Wouldn't it be nice if we all spoke the same language?

So much less conflict, so much more efficient.

Wouldn't it be nice if we all had the same cultural background?

So much less conflict, so much more efficient.

Wouldn't it be nice if we all looked and acted exactly the same?

So much less conflict, so much more efficient.

Wouldn't the world be a nicer place without all this pesky diversity?

So much less conflict, so much more efficient.

In the end, there's not one correct answer. The point of documentation is
communication. Communication is a very malleable thing. It is negotiated on
demand and the form of it varies a lot. The real beauty of many of our
underlying systems is their ability to negotiate a protocol, not the pervasive
standard use of a single protocol.

A couple personal stories:

Once, I was in Switzerland, and went to a Chinese restaurant. The waitress
spoken Cantonese (1st), Swiss (2nd), and Mandarin (2nd). I spoke English
(1st), German (2nd), and Mandarin (2nd). We quickly figured out that we could
communicate most effectively in Mandarin, and so we did.

Later on in that trip, I went to an Italian restaurant. The owner spoke
Italian and some very limited Swiss, but no English. I couldn't speak Italian
or Swiss enough to communicate with him. Instead, we used gestures, body
language, and pictures. It worked out, and I got one of the best plates of
lasagna I've ever had.

The message here is that language is not standardized, and will never be, so
calling English a standard is just a failure of reason. It's a sub-par medium
for communication for the majority of the world.

You never know who is going to walk in the door of your restaurant to order
food. Do your best to communicate with them, without too many assumptions, and
you'll find that communication can be negotiated easily.

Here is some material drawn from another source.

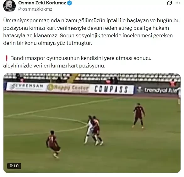 Bandırmaspor maçında verilen kırmızı kart kararına da değinen Korkmaz, pozisyonun detaylarına dikkat çekerek, “Bandırmaspor oyuncusunun kendisini yere atması sonucu aleyhimizde verilen kırmızı kart pozisyonu” ifadeleriyle kararın haksız olduğunu savundu.
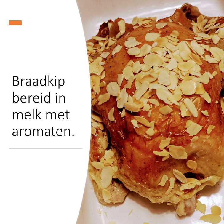 - Als de kip mooi gekleurd is uit de braadpan nemen en het vet verwijderen.

That said, in more practical terms, I actually encourage the use of less text,
but more pictures, examples, and tactile learning approaches in documentation.
When text is required, it should be "High Fidelity" and that means, written in
the native language of the person writing it. Then, you have the ability to
degrade fidelity later, by translating it to whatever language you've
negotiated for when the native language doesn't match.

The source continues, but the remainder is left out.